First published 2 September 2013
Predator prey molecular landscapes
Adrien Padirac, Alexandre Baccouche, Fujii Teruo, Andre Estevez-Torres, Yannick Rondelez
This paper describes the use of molecular programming techniques to build synthetic in vitro and spatially distributed reactions networks with tailored topologies. The basic workflow is to use synthetic DNA strands to encode the topologies of molecular interactions of the reaction network. The actual dynamic of the system is provided by enzymatic reactions controlled and templated by these DNA strands. Here we focus on the implementation of a molecular predator-prey ecosystem. We thus create two autocatalytic DNA amplifications reactions and connect them through predation—the second DNA-species consumes the first one to fuel its growth.
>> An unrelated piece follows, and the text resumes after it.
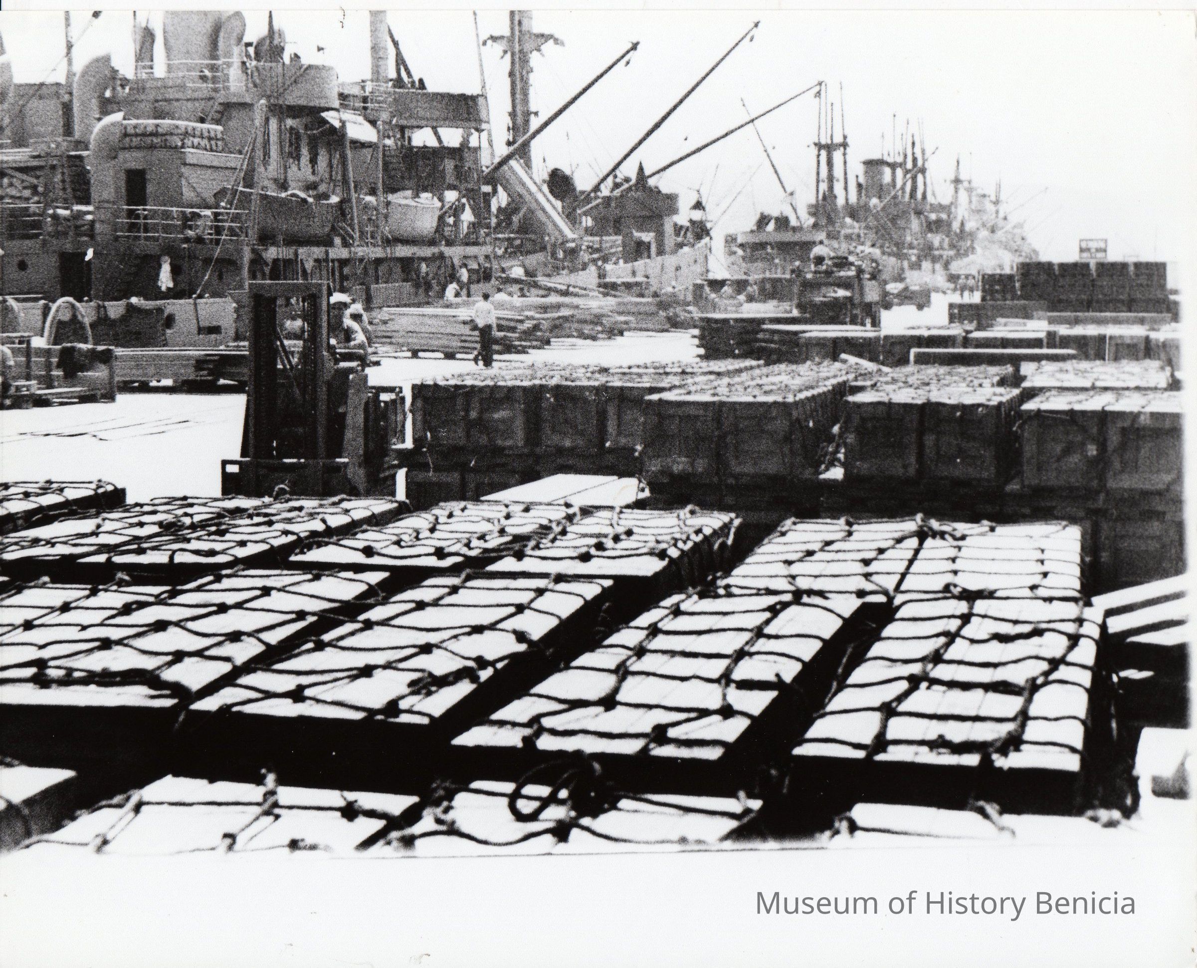 Military supplies being loaded aboard liberty ships at Benicia Arsenal docks during World War II. B/W photo.

We also ensure that these species have a limited lifetime in the test tube. We are therefore able to detect sustained oscillations of the two molecular species, as predicted and observed for real ecosystems. This is the first time that predator prey oscillations are observed in a chemical system. We further expand the analogy between chemical and animal networks by introducing additional interactions such as symbiosis, the mutually beneficial interaction between two species. Interestingly, competition also arises quite naturally from the physical substrate that is used in the modeling process and displays remarkable dynamic consequences such as synchronization or chaos. Finally we report the construction of spatially distributed chemical ecosystems, and the observation of their spatiotemporal behaviors, in particular traveling and spirals dual waves of molecular hunts.